Q&A: Anatomy of a Rainstorm

Question: I was texting with a friend yesterday and he said it was raining at his place and had to go inside. Weird thing was, it wasn’t raining at my place and he only lives like three block away! I didn’t get any rain at all, but he said it rained for about 30 minutes at his place. I mean, I know it doesn’t rain everywhere at the same time, but we are so close I was expecting at least a drizzle. How can that happen? — CL, Mesa, AZ

Answer: It’s really not that surprising when you think about it. When rain falls, it does so over a finite area. And sometimes the edge of that area will lie between you and your friend’s homes. Even if he lived next door it could still theoretically happen. You might want to read my post Rain is a Local Phenomenon. And when it’s raining on your friend, you may or may not get any drizzle depending on which way the wind is blowing.

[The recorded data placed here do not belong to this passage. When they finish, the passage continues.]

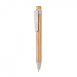 Artikel-Nr: OCBMO9481-13Druckkugelschreiber mit Schaft aus Bambus und Details aus umweltfreundlichen Weizenstrohhalm- und ABS-Kunststoff Gemisch (je 50%). Blaue Tinte. Bambus ist ein natürliches Produkt, es kann daher zu leichten Abweichungen in Farbe, Dekor und Maßen kommen. FSC®-certified | FSC 100%, N5.7, FSC-C213206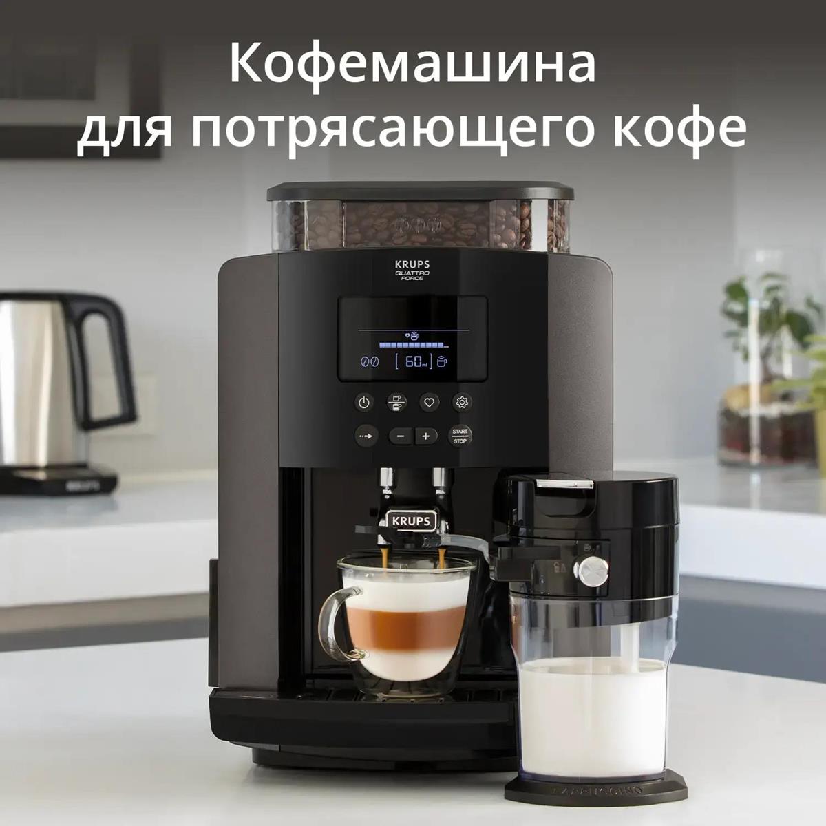 Кофемашина KRUPS EA819E10 (1450 Вт /15 бар/коричневый, черный) - Интернет-магазин Матрица: бытовая техника, электроника, товары для дома и др.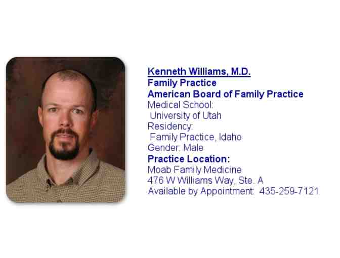 Dr. Ken Williams of Moab Family Medicine and Moab Regional Hospital are partnering to offer one colonoscopy to the winning bidder!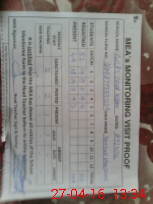 | Attendance Register | Head Teacher | MEA with School | Visit Proof |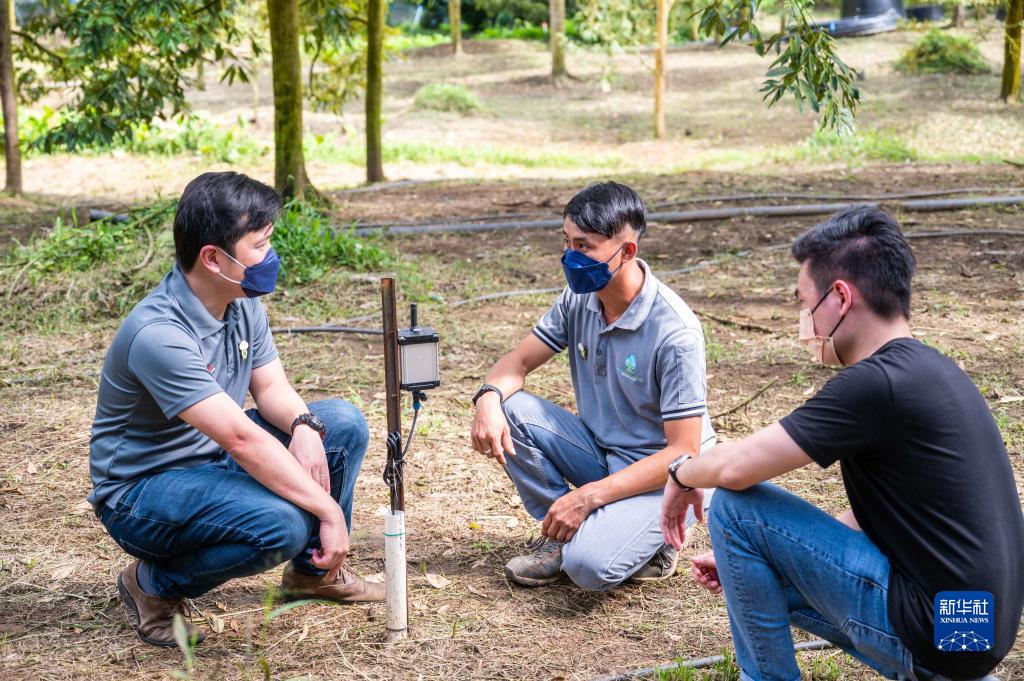 11月21日,在馬來西亞“貓山王”榴蓮產(chǎn)地彭亨州勞勿,經(jīng)營榴蓮種植園的梁沛鑫(中)與馬來西亞歷佳德有限公司總經(jīng)理莊愷靖(左)及阿里云工作人員曹國廷在榴蓮?fù)寥纻鞲衅髋越徽劇?/p> 新華社記者 朱煒 攝 |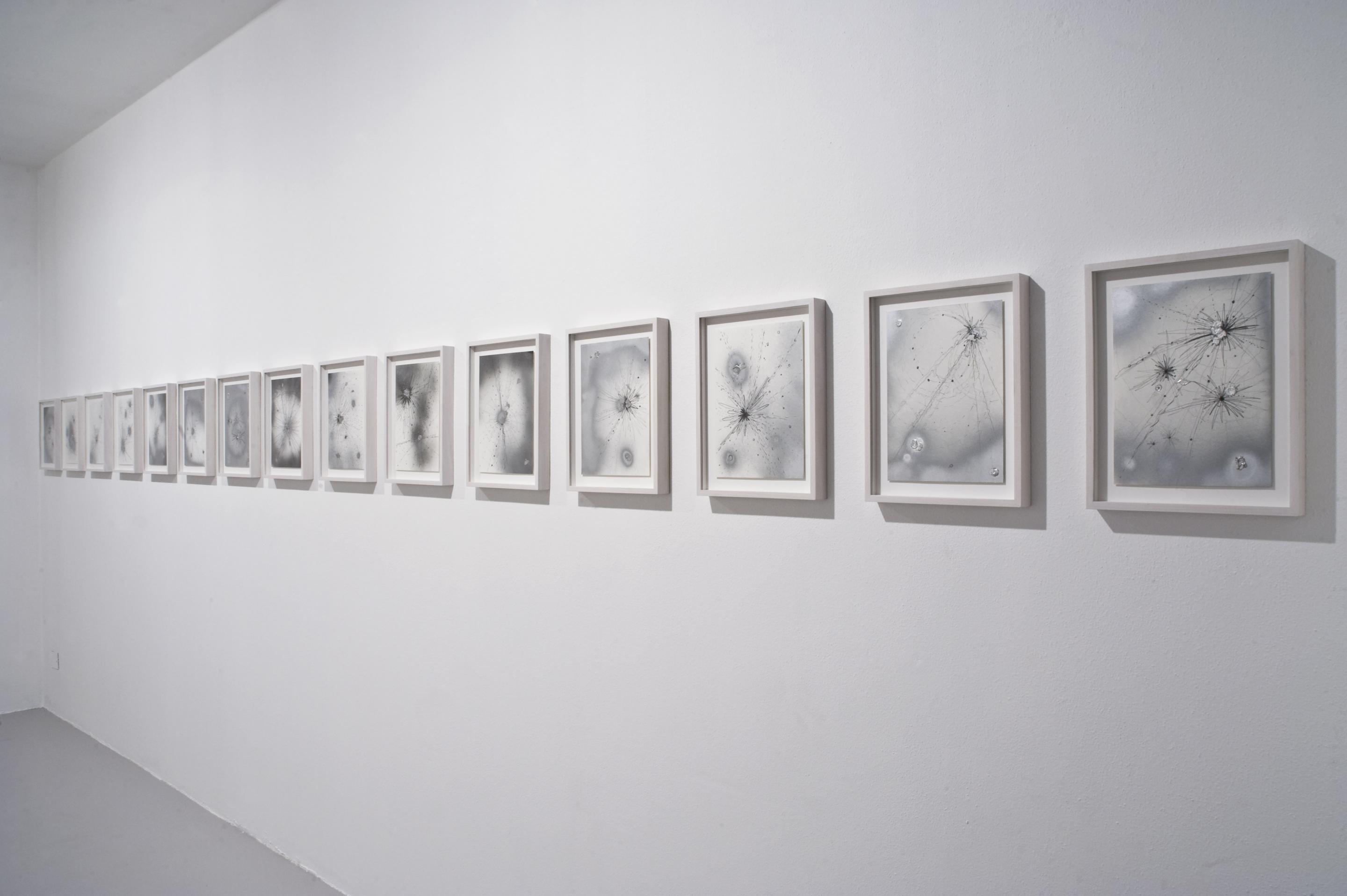 Per la sua quarta personale da Giò Marconi, che occupa tutto il piano terra della galleria, Grazia Toderi espone tre nuove serie di disegni, realizzati con grafite, argento e stagno fuso, nuove opere fotografiche e due proiezioni video prodotte per la mostra. Il disegno è per l’artista il primo livello, fondamentale e necessario, in cui immergersi, un esercizio di concentrazione, leggerezza e libertà, solo in seguito al quale poter arrivare, dopo una ulteriore lavorazione che passa attraverso le immagini fotografiche, alla realizzazione di una nuova opera video. Tutte le opere della mostra sono intitolate "Orbite Rosse", e già nel 1998 l’artista aveva esposto alla Galleria Giò Marconi una doppia proiezione video dal titolo "Orbite". Nell’opera dell’artista i riferimenti alle orbite sono fin dall’inizio del suo lavoro un elemento costante, siano quelle della Luna intorno alla Terra, dei pianeti intorno al Sole, dei satelliti o delle astronavi intorno ai pianeti, o anche quelle disegnate da una palla all’interno di uno stadio, o tracciate da una trottola su un pavimento.

The top photo shows a large mass of stratocumulus clouds (the dark grey ones) moving east to west over Phoenix. The view is to the south. Note how the rain is slanting to the west from the wind. The next photo is a close-up. Both can be clicked and enlarged:

What’s happening here is not the rainstorm you described, but it shows the same effect. This photo was taken years ago during the 2014 monsoon season. When stratocumulus move over Phoenix they encounter warm rising air. Phoenix is a well known example of an urban heat island. All the concrete and asphalt surfaces in the city heat up during the day, and release that heat only slowly after sunset. Rural areas with natural ground cover cool off much more rapidly.

That rising air drags humid air from the stratocumulus along with it. As this humid air expands and cools, additional water vapor condenses into liquid droplets. This is what forms the puffy white cumulonimbus clouds above the stratocumulus. As always, if the droplets grow large enough they will fall as rain. Note how the rain is visible mostly below these cumulonimbus clouds.

That largest concentration of rainfall below the highest cloud is probably covering most of downtown Phoenix. But you can see the east and west limits, and a gap of no rain before the next concentration to the east. You and your friend were simply on opposite sides of the weather, and the edge passed between your homes.